A seguir, abre-se ante o
leitor o período republicano, que tem sido estudado sob diversos aspectos,
tornando mais difícil a escolha restrita. Mas penso que três livros são
importantes no caso, inclusive como ponto de partida para alargar as leituras.
Um tópico de grande
relevo é o isolamento geográfico e cultural que segregava boa parte das
populações sertanejas, separando-as da civilização urbana ao ponto de se poder
falar em “dois Brasis”, quase alheios um ao outro. As consequências podiam ser
dramáticas, traduzindo-se em exclusão econômico-social, com agravamento da
miséria, podendo gerar a violência e o conflito. O estudo dessa situação
lamentável foi feito a propósito do extermínio do arraial de Canudos por Euclides da Cunha n’Os sertões (1902),
livro que se impôs desde a publicação e revelou ao homem das cidades um Brasil
desconhecido, que Euclides tornou presente à consciência do leitor graças à
ênfase do seu estilo e à imaginação ardente com que acentuou os traços da
realidade, lendo-a, por assim dizer, na craveira da tragédia. Misturando
observação e indignação social, ele deu um exemplo duradouro de estudo que não
evita as avaliações morais e abre caminho para as reivindicações políticas.
Da Proclamação da
República até 1930 nas zonas adiantadas, e praticamente até hoje em algumas
mais distantes, reinou a oligarquia dos proprietários rurais, assentada sobre a
manipulação da política municipal de acordo com as diretrizes de um governo
feito para atender aos seus interesses. A velha hipertrofia da ordem privada,
de origem colonial, pesava sobre a esfera do interesse coletivo, definindo uma
sociedade de privilégio e favor que tinha expressão nítida na atuação dos
chefes políticos locais, os “coronéis”. Um livro que se recomenda por estudar
esse estado de coisas (inclusive analisando o lado positivo da atuação dos
líderes municipais, à luz do que era possível no estado do país) é Coronelismo, enxada e voto (1949), de
Vitor Nunes Leal, análise e interpretação muito segura dos mecanismos
políticos da chamada República Velha (1889-1930).
O último tópico é
decisivo para nós, hoje em dia, porque se refere à modernização do Brasil,
mediante a transferência de liderança da oligarquia de base rural para a
burguesia de base industrial, o que corresponde à industrialização e tem como
eixo a Revolução de 1930. A partir desta viu-se o operariado assumir a
iniciativa política em ritmo cada vez mais intenso (embora tutelado em grande
parte pelo governo) e o empresário vir a primeiro plano, mas de modo especial,
porque a sua ação se misturou à mentalidade e às práticas da oligarquia. A
bibliografia a respeito é vasta e engloba o problema do populismo como
mecanismo de ajustamento entre arcaísmo e modernidade. Mas já que é preciso
fazer uma escolha, opto pelo livro
fundamental de Florestan Fernandes, A revolução burguesa no Brasil (1974).

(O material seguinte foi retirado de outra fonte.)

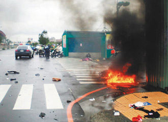 謝菁華遭撞后,整個人彈到數(shù)米外,摩托車起火冒煙,可見撞擊力有多強(qiáng)。(聯(lián)合報圖)

É uma obra de escrita densa e raciocínio cerrado, construída sobre o cruzamento
da dimensão histórica com os tipos sociais, para caracterizar uma nova
modalidade de liderança econômica e política.
Chegando aqui, verifico
que essas sugestões sofrem a limitação das minhas limitações. E verifico,
sobretudo, a ausência grave de um tópico: o imigrante. De fato, dei atenção aos
três elementos formadores (português, índio, negro), mas não mencionei esse
grande elemento transformador, responsável em grande parte pela inflexão que
Sérgio Buarque de Holanda denominou “americana” da nossa história
contemporânea. Mas não conheço obra geral sobre o assunto, se é que existe, e
não as há sobre todos os contingentes. Seria possível mencionar, quanto a dois
deles, A aculturação dos alemães no
Brasil (1946), de Emílio Willems; Italianos
no Brasil (1959), de Franco Cenni, ou Do
outro lado do Atlântico (1989), de Ângelo Trento – mas isso ultrapassaria o
limite que me foi dado.
No fim de tudo, fica o
remorso, não apenas por ter excluído entre os autores do passado Oliveira
Viana, Alcântara Machado, Fernando de Azevedo, Nestor Duarte e outros, mas
também por não ter podido mencionar gente mais nova, como Raimundo Faoro, Celso
Furtado, Fernando Novais, José Murilo de Carvalho, Evaldo Cabral de Melo etc.
etc. etc. etc.
Antonio Candido é
sociólogo, crítico literário e ensaísta.